Cuando el calor empezó a apretar se sentaron bajo la sombra de un árbol a esperar que refrescara.
—Esas personas son peligrosas, Darel. No debes acercarte a ellas.
—¿Podrían hechizarme como a los caballos?
—Peor, podrían separarte de la familia y llevarte lejos, muy lejos. —La mirada de Kora parecía haberse ido a ese lejano lugar.
—¿Más allá del río?
—Sí. A varios días de marcha, hasta llegar a un río que solo tiene una orilla y que es tan profundo que no puede cruzarse.
—¿Por qué dejaste la tribu y te fuiste con esas personas?
—Me obligaron. Aparecieron un día sobre sus caballos, con unas lanzas de fuego y mataron a los que intentaron defenderse. Al resto nos encadenaron y nos hicieron caminar durante días. Algunos murieron por el camino.
Kora parecía perdido en sus recuerdos y Darel, aguantándose las ganas de preguntar, no quiso interrumpirlo.
—A los niños también se los llevaron —siguió contándole Kora—. Al llegar, les vistieron con ropas y les obligaron a aprender otra lengua y otras historias. Olvidaron la Tjukurpa (ley de la Creación según los Ananga) y dejaron de ser Anangas. Pero la piel no se les volvió blanca, ni el pelo se les estiró.
—¿Qué fue de ellos?
—Al hacerse mayores, los hombres blancos no los querían en sus pueblos y cuando volvieron con las tribus no los reconocieron. No podían comunicarse, no sabían cazar, no conocían la ley. Perdieron su lugar en el mundo.

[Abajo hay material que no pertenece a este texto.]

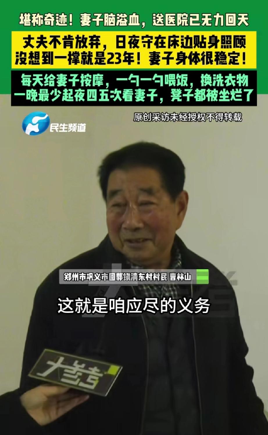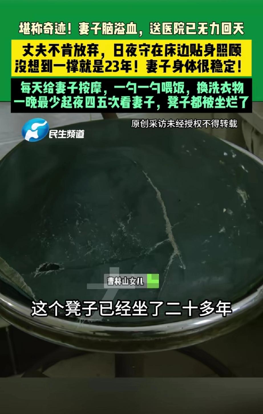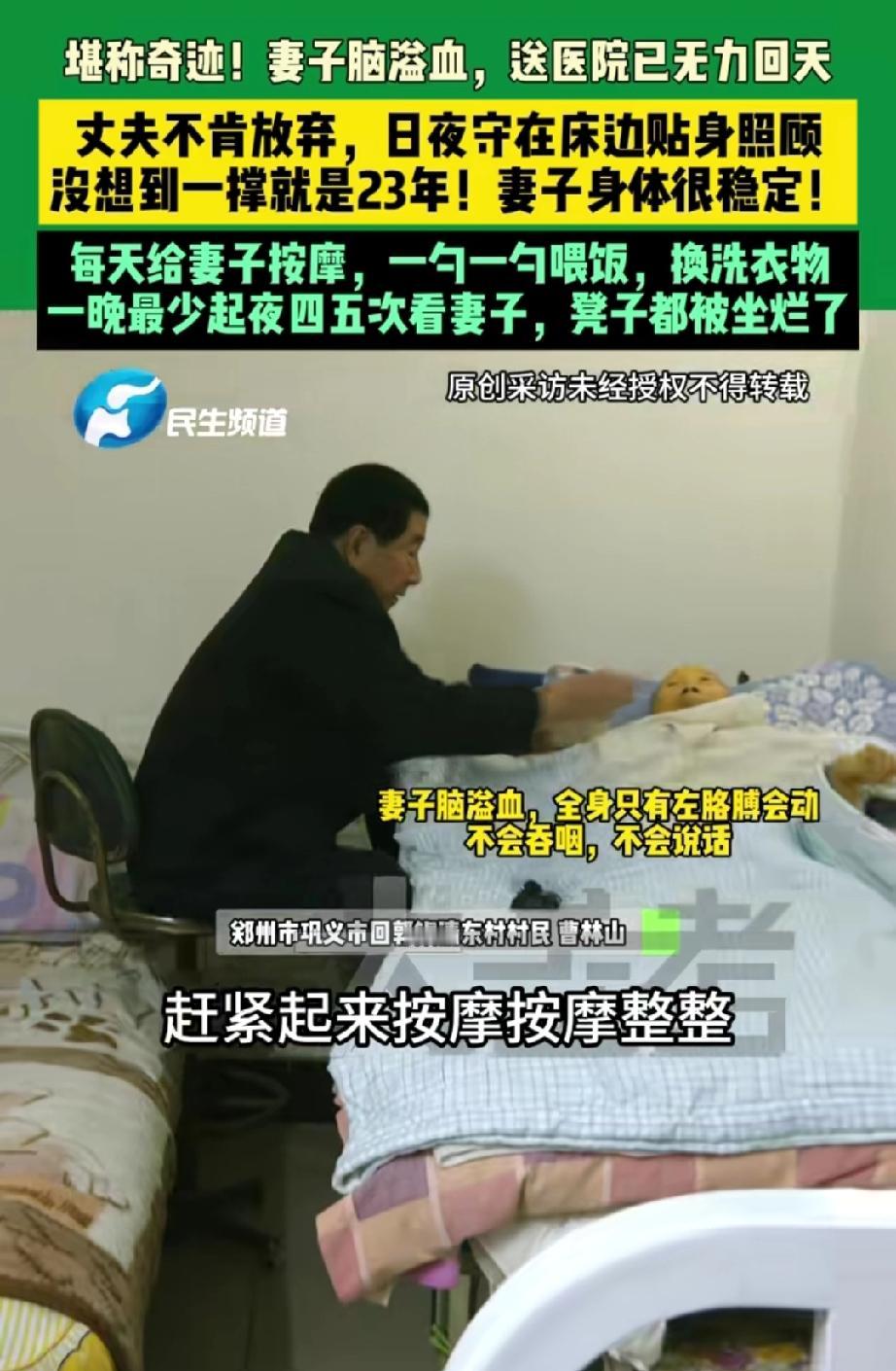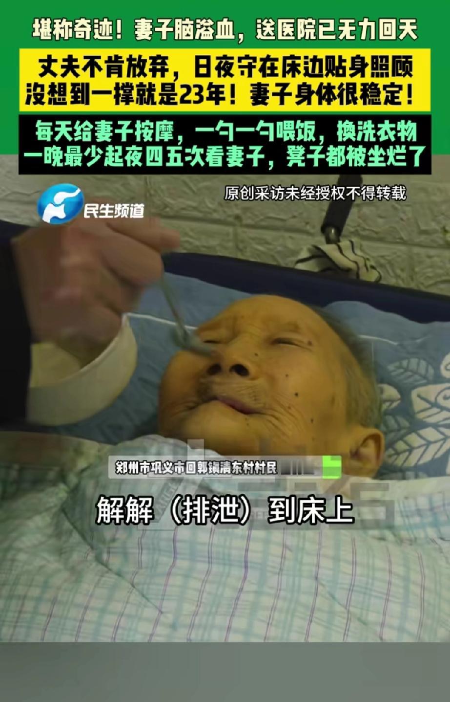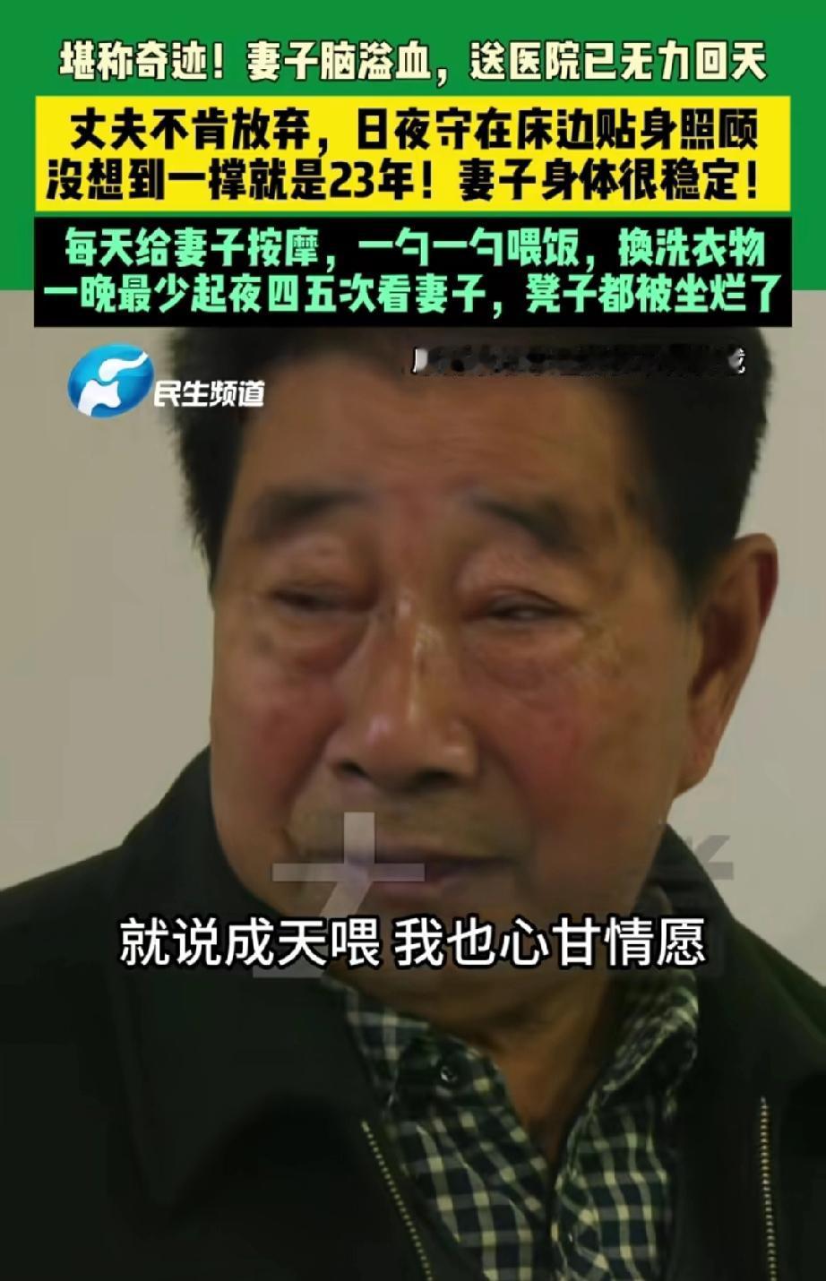 妻子突发脑溢血,被送往医院后已无力回天,许多人都劝丈夫放弃。但丈夫却说:“只要她还有一口气,我就绝不放弃她。只要我还在,就会伺候她一天。”随后,他把妻子带回家,悉心照料23年。 如今,丈夫已70多岁,妻子仅左手和眼珠能够活动。丈夫每天都会煮好米糊糊,加入菜泥和肉泥,以保证妻子营养均衡。 从最初用胃管喂食,到现在一勺一勺地喂,更艰难的是解决妻子上厕所的问题,这都只能在床上完成。 丈夫每天都会为妻子拍打身体,促进血液循环。每晚他都要起床四五次,看看妻子是否安好,有无需求。 女儿感慨道:“妈妈床前的凳子,都被爸爸坐裂了。” 有人问丈夫:“每天这样累不累?麻不麻烦?” 丈夫答道:“这有什么麻烦的,这是我应尽的义务,就算成天喂,我也心甘情愿。” 老一辈的婚姻,没有豪言壮语,只有实实在在的担当。 已进入暮年的丈夫用实际行动,践行了现在婚礼上的誓言:“无论顺境还是逆境,无论是富贵还是贫穷,无论健康还是疾病,我们将携手共度,视彼此为终身伴侣,今日誓言坚守一生。” “执子之手,与子偕老”,短短四字,却承载了半生的责任。 23年朝夕相伴,他以岁月为承诺,照料生活不能自理的妻子从未间断。这并非童话里的故事,而是柴米油盐中沉淀的深情,是婚姻最美的模样,更是“丈夫”二字最厚重的担当,值得赞叹! 也给儿女与子孙做了表率,什么叫婚姻里的不离不弃,我想这样的家庭,家风一定很正,根基稳,后代自然品行端方、向善而行。 来源:大参考

Darel fue a preguntar algo más, pero su abuelo siguió hablando.
—Por eso es importante recordar tus orígenes, saber de dónde vienes y a dónde perteneces. Nunca olvides eso, Darel, así siempre tendrás un lugar al que volver.
—Sí, abuelo. Y tú, ¿cómo conseguiste volver?
—Yo era joven y fuerte, y me obligaron a hacer cosas para ellos. Tuve que aprender a nadar, a moverme como los peces. Cada día me metía en ese río tan ancho y tan profundo, que ellos llaman mar, y sacaba perlas del fondo.
—¿Qué son perlas?
—Son como piedras pequeñas y redondas de color blanco. Esas personas se volvían locas por ellas.
—¿A qué saben?
—No se comen, Darel.
—Y entonces, ¿por qué les gustaban tanto?
Kora no supo que contestar. Nunca había entendido el interés de los blancos por las perlas. Solo sabía que cuantas más conseguía, mejor comida le daban.
—Cuando ya no les serví para trabajar más, me dejaron marchar. Me costó mucho tiempo volver.
—¿Son todos malos? —preguntó el niño.
—Siempre quieren algo y se creen con derecho a tenerlo, sin importar las consecuencias. Cada vez son más —siguió contando el abuelo— y cada vez están más cerca. Lo que ha pasado hoy, volverá a pasar. Es posible que nos echen de nuestras tierras y que nos obliguen a vivir cómo ellos, pero nunca debes olvidar quién eres, Darel. Eso no te lo pueden quitar.
El sol había bajado, así que siguieron camino hacia la cueva. Su primer día de caza no había sido como había imaginado, pero tenía la sensación de haber aprendido algo mucho más valioso.